┌─ The data
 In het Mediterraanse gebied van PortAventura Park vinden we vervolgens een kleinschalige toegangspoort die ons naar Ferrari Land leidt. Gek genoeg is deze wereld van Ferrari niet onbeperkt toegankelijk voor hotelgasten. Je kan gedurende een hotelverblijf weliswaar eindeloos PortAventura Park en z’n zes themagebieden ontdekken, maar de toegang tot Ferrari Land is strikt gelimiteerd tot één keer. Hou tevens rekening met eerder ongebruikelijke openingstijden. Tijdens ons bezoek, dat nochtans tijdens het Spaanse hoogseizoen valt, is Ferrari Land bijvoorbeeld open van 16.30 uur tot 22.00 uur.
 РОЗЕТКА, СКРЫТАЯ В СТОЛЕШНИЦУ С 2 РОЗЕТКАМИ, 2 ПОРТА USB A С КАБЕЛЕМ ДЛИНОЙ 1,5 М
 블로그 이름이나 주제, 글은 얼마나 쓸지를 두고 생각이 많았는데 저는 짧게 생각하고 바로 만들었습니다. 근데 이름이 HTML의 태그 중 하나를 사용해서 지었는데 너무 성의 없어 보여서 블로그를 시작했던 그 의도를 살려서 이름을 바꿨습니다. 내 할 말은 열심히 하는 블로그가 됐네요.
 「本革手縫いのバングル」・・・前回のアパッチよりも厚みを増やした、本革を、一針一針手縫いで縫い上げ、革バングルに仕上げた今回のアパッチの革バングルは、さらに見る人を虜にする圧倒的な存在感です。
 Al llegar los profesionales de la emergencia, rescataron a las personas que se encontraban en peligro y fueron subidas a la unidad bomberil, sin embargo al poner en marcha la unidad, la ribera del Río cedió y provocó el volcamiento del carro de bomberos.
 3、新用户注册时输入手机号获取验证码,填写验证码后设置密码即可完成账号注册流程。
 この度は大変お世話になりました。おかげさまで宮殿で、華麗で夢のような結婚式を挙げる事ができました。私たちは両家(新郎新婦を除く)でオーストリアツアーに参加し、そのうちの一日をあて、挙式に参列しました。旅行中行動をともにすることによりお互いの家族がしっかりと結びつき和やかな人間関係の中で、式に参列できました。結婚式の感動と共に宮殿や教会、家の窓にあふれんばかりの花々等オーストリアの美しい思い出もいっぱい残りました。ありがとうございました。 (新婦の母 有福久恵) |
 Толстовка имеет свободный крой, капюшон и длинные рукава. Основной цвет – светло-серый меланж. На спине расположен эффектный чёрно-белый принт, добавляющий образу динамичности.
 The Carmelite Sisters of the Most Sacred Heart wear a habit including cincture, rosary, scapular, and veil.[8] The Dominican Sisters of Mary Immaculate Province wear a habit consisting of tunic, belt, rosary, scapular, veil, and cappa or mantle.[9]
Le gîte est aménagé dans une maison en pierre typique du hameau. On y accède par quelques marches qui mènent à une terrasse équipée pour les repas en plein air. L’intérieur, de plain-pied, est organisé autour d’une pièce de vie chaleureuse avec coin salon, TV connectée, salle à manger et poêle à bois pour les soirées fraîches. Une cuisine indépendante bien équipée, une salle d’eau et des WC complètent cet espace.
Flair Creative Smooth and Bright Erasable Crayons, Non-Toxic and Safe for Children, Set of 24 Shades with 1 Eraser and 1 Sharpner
└─
All lines from the one containing "The Carmelite Sisters" through the end of the records, both ends included, are to be quoted exactly; please add nothing else.

## Exercise output
 The Carmelite Sisters of the Most Sacred Heart wear a habit including cincture, rosary, scapular, and veil.[8] The Dominican Sisters of Mary Immaculate Province wear a habit consisting of tunic, belt, rosary, scapular, veil, and cappa or mantle.[9]
Le gîte est aménagé dans une maison en pierre typique du hameau. On y accède par quelques marches qui mènent à une terrasse équipée pour les repas en plein air. L’intérieur, de plain-pied, est organisé autour d’une pièce de vie chaleureuse avec coin salon, TV connectée, salle à manger et poêle à bois pour les soirées fraîches. Une cuisine indépendante bien équipée, une salle d’eau et des WC complètent cet espace.
Flair Creative Smooth and Bright Erasable Crayons, Non-Toxic and Safe for Children, Set of 24 Shades with 1 Eraser and 1 Sharpner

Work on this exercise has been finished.